Friday, November 02, 2007

BARTER POETICS

Much to Moi's ultimate pleasure, one of the BIG BURLY MEN who are frequently about the mountain nowadays approached me this morning.
Big Burly Man: I hear you're a poet.

Moi (looking dubiously at the shovel in one big, burly hand): Ye...e...e...ah?

BBM: My wife reads poetry. How do I get one of your books?

Moi (Pause, then SCREAMS): WAIT!!!

And I dashed into the house and swiftly got a shopping bag and filled it with ENGLISH, PUNCTUATIONS and MENAGE A TROIS. I dashed back out to the courtyard and shoved it into his big burly hands.

Moi: Here! It's a gift! You have no clue how rare it is for a non-poet to ask me about my poery. Here!

BBM (after a startled look): Uh, thanks. She will appreciate it.

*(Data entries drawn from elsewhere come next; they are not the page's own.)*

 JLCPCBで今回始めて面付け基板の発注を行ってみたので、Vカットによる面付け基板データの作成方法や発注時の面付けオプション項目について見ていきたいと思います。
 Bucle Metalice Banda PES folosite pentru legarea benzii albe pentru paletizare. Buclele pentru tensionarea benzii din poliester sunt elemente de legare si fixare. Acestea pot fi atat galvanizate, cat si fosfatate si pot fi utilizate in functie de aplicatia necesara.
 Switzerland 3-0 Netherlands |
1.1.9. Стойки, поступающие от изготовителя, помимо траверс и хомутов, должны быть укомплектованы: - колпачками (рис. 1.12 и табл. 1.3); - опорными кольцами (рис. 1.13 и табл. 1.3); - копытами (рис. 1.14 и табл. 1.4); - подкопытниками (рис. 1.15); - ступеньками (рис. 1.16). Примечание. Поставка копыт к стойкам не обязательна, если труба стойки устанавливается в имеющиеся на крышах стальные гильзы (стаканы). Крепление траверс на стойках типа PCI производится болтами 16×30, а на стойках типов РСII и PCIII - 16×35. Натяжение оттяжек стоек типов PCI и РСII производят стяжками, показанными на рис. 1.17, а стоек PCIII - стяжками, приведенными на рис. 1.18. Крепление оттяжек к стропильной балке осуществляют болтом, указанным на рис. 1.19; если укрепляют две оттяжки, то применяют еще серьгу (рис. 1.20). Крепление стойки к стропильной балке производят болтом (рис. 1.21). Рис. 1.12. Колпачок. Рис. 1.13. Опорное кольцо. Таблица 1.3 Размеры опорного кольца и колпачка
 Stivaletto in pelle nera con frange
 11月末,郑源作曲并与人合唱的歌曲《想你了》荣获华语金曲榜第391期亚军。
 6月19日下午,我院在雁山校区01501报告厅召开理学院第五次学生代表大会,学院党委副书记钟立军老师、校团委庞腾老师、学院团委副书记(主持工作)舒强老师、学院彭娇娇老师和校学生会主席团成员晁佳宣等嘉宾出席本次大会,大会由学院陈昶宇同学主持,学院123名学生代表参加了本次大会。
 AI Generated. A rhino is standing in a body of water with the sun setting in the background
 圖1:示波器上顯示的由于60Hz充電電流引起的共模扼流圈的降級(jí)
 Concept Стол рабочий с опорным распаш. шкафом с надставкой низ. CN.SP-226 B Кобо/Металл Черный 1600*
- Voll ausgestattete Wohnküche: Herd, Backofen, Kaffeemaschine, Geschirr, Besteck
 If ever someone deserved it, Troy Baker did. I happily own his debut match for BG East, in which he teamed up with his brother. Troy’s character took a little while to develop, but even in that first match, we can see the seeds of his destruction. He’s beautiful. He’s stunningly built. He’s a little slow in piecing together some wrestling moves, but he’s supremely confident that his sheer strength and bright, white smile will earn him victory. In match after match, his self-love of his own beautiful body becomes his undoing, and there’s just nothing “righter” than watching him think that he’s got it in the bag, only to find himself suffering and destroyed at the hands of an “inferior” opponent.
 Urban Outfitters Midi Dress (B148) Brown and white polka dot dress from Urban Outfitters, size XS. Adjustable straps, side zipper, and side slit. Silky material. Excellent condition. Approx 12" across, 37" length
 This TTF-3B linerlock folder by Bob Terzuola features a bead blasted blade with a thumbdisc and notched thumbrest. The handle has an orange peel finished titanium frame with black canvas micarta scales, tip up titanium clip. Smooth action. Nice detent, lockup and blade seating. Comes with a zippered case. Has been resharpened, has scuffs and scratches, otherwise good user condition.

I was so pleased I even over-looked how he emphasized "she" will read the books, which is to say, it's unlikely Big, Burly Man will be reading Moi poems. Pleased. Because, see, I'm in the middle of construction, Peeps. And with construction comes change orders. What do you bet I just paid for a culver for that brand spankin' new gravel parking lot I'ma installing on the mountain!?

(Update: He didn't charge for a culver....heheheheheheheh.....! Poetry: it's valuable, yo!)